In the four years Debbie Munroe has been helping fill Manurewa's bellies she's seen an explosion in the numbers of people sleeping rough, she says.
Three nights a week, the grandmother-of-seven hands food out to people living on the streets of South Auckland.
Ms Munroe gets called nana, aunty, sometimes even mum - though she chuckles at the thought of that.
She said she was seeing homelessness and poverty getting worse, so she had encouraged the people she fed to get out, vote and have their say.
When she started four years ago, she was feeding on average five homeless people a night. Now, she sees up to 35.
"You meet these guys and you fall in love with them and you want to help, just to see them eat and smile," Ms Munroe said.
The food is donated and Ms Munroe's home is filled with made-up food parcels.
"We've got a builder, we've got somebody who does computers, we've got a lady who was in a car accident and lost her family, we've got people who've fallen through the system."
She knows life isn't easy on the streets of Manurewa.
While RNZ was out with her one night, a man drove up to the curb and started yelling abuse at his 12-year-old daughter who was eating the food she had put out.
Without flinching, Ms Munroe took down the number plate and informed the police.
She had dealt with things like this before.
"That young girl turned up at my house today, ran away from home, told me that her dad beat [her]. Which means she'll now go home and he'll beat the shit out of her."
It wasn't pretty, said Ms Munroe, but this was her community she was caring for.
In turn, she also encouraged her community to look out for each other.
"We've got maybe five or six in [Housing New Zealand] motels, and they let everyone [else] come [join them there].
"If they get caught, everyone loses out. But they're doing the most natural thing, taking them in and getting them off the street at night ... and they get penalised for it.
"I know some of them have lost their benefits for helping people. How does that happen?"
Ms Munroe said things needed to change, and she had been encouraging people to vote.
"Trying to talk to them about voting, they say 'oh I don't want to bloody vote', but I say, we need your vote.
"We need a change."
She pointed to the people eating food out of the boxes she placed on the street.
"[The government] still sits there and says there's no such thing as homelessness.

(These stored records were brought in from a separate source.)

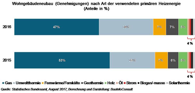 Dagegen konnten die drei Klassiker des Heizens mit regenerativen Energien – Umweltthermie, Geothermie und Holz – mit einem Anteil von insgesamt 42% aller genehmigten Neubauten in 2016 insgesamt betrachtet einen deutlichen Sprung nach vorne machen. Insbesondere die Umweltthermie – bei der Luft oder Wasser die Wärme entzogen wird – kann sich von den erneuerbaren Energien als Sieger sehen: 30% der genehmigten Wohngebäude wurden 2016 mit dieser umweltfreundlichen Technik ausgestattet – ein sattes Plus von 5 Prozentpunkten gegenüber dem Vorjahreszeitraum. Dabei zeigen die statistischen Zahlen relativ deutlich, dass die jüngste Marktschwäche des Gases besonders durch diese Zuwachsrate bei der Umweltthermie verursacht wurde.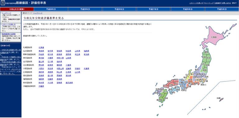表示されている日本地図から都道府県を選択し、「路線価」をクリックすると市区町村を選ぶことが出来るので、画面の指示に従いましょう。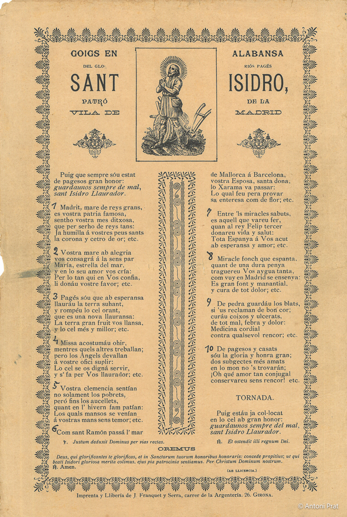 GOIGS EN ALABANSA DEL GLORIÓS PAGÉS SANT ISIDRO, PATRÓ DE LA VILA DE MADRID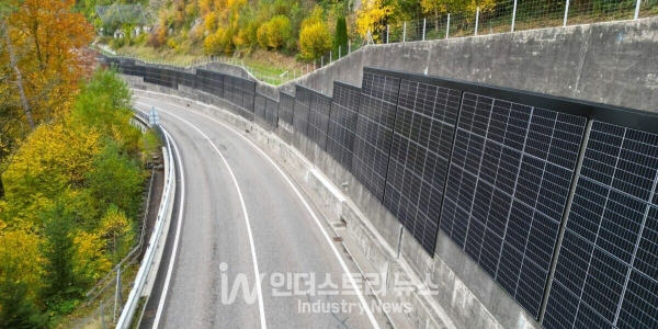 [인더스트리뉴스 최용구 기자] 스위스 도로에 옹벽을 활용한 수직형 태양광 모듈이 설치됐다. 알루미늄과 스테인리스 스틸로 구성된 이 모듈은 아스팔트와 근접성을 고려한 예외적인 부식 방지 요건 등을 충족한다.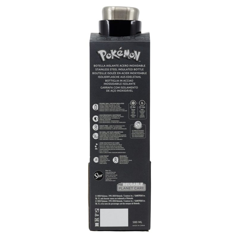 Botella reutilizable térmica de acero inoxidable de 580 ml de Pokemon Botella de acero inoxidable de alta calidad, ideal para mantener tus bebidas calientes y frías. Se trata de una botella térmica, personalizada con los mejores personajes de cine, televisión, videojuegos, cómics y libros. Disponible en una gran variedad de colores y diseños, te acompañará allá donde vayas. Características: – Libre de BPA – Doble pared que mantiene la temperatura: 9 horas el frío y 12 horas el calor – Realizada en acero inoxidable – Capacidad: 580ml.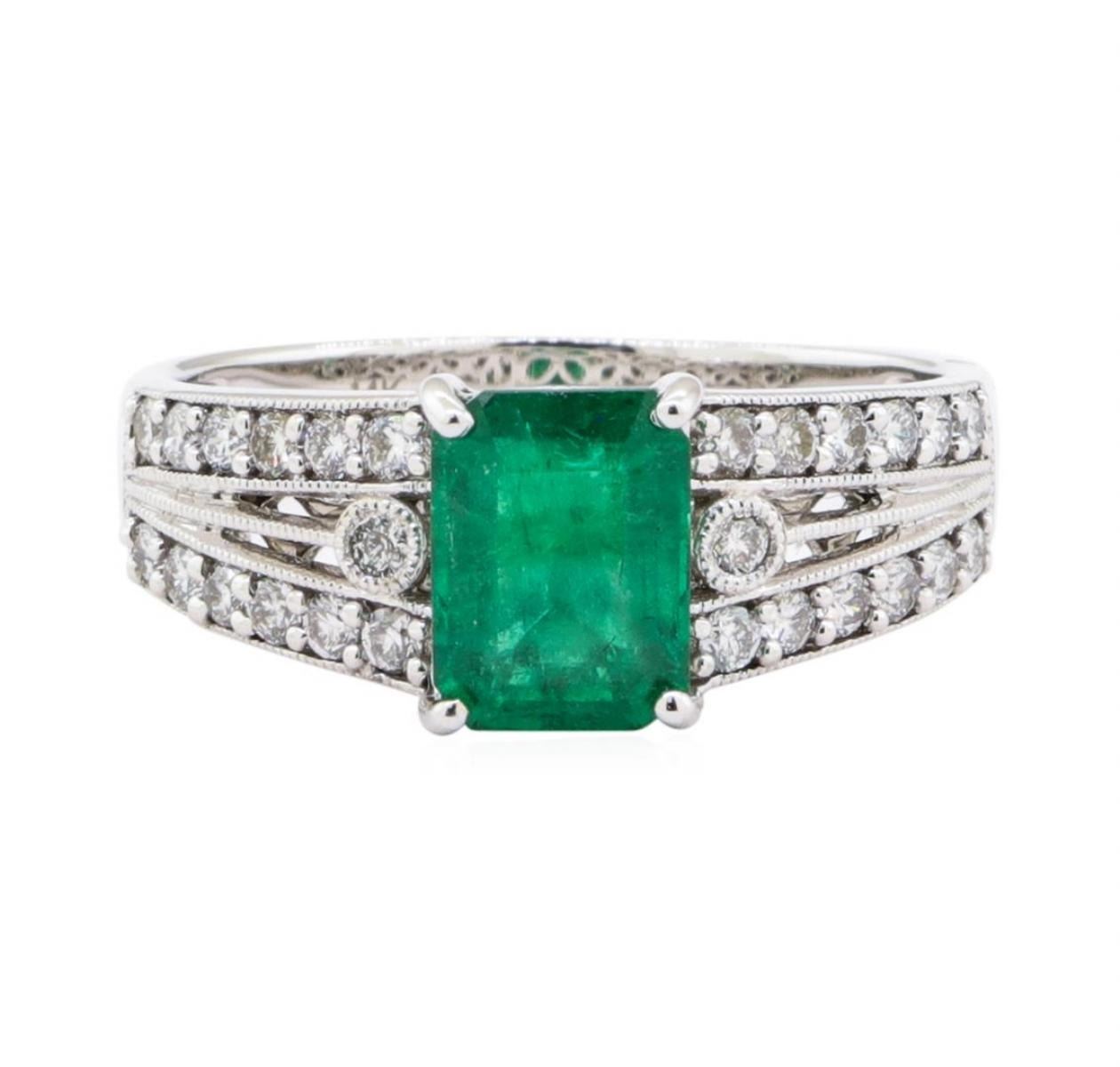 One electronically tested 14KT white gold ladies cast emerald & diamond ring. Condition is new, good workmanship. The featured emerald is set within diamond set shoulders, supported by a lattice ?oral under gallery, completed by a two millimeter wide band. Bright polish ?nish with milgrain detailing throughout. Trademark is Orianne. Identi?ed with markings of "14K". Containing: One prong set emerald standard step cut natural emerald, measuring 7.85 x 5.95 x 3.70mm, 5% bulge factor, approximate weight of l.3lct., clarity is heavily included, type HI, medium, very slightly grayish, very slightly bluish green color, (GIA vslbG 5/ 3), out is good. Transmitting light with a minimum of distortion, transparent. Naturally occurring internal 8; external characteristics are present. Indications of oil residue. Graded in the setting. Twenty-six prong & bezel set round brilliant cut diamonds, measuring 1.70 - 1.60 x 0.99mIn (depth est.) approximate total weight of 26 Stones = 0.41ct. Graded in the setting. Clarity SI-1 to I-1 Color F - H Total Weight of Colored Stones 1.31ct. Total Weight of Diamonds 0.41ct. Total Weight of Ring 3.79 gm Total Estimated Retail Value $ 3,100.00 US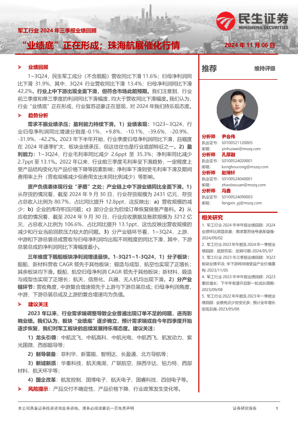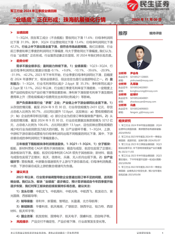 【民生证券】【20241106】军工行业2024年三季报业绩回顾:“业绩底”正在形成;珠海航展催化行情-17页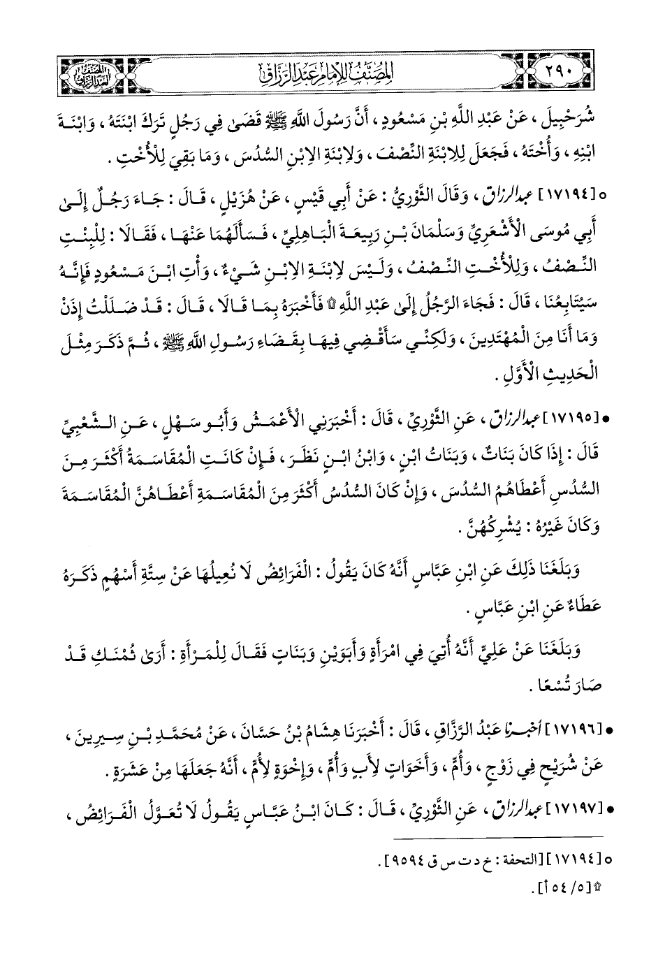 17195- عبد الرزاق، عَنِ الثَّورِيِّ، قَالَ: أَخْبَرَنِي الأَعمَشُ، وَأَبو سَهْلٍ، عَنِ الشَّعْبِيِّ، قَالَ: إِذَا كَانَ بَنَاتٌ وَبَنَاتُ ابْنٍ، وَابْنُ ابْنٍ نُظِرَ، فَإِنْ كَانَتِ المُقَاسَمَةُ أَكْثَرَ مِنَ السُّدُسِ، أَعْطَاهُمُ السُّدُسَ، وَإِنْ كَانَ السُّدُسُ أَكْثَرَ مِنَ المُقَاسَمَةِ أَعْطَاهُنَّ المُقَاسَمَةَ، وَكَانَ غَيْرُهُ يُشْرِكُهُنَّ، وَبَلَغَنَا ذَلِكَ عَنِ ابْنِ عَبَّاسٍ، أَنَّهُ كَانَ يَقُولُ: الْفَرَائِضُ لاَ نُعِيلُهَا عَن سِتَّةِ أَسْهُمٍ.

Well, there is."
Ms Munroe said she had been asked to leave by local businesses who thought she was encouraging homelessness. She had also been threatened and yelled at, and after also attending countless community meetings she said she is tired.
She won't give up, though, she said.
"And if somebody said to me four years ago I'd still be doing this I'd say 'whatever'.
"But the more barriers we come across makes me more stubborn. I won't quit.
"We're here. Even if there's only one homeless person, we will still come down and we will still feed them."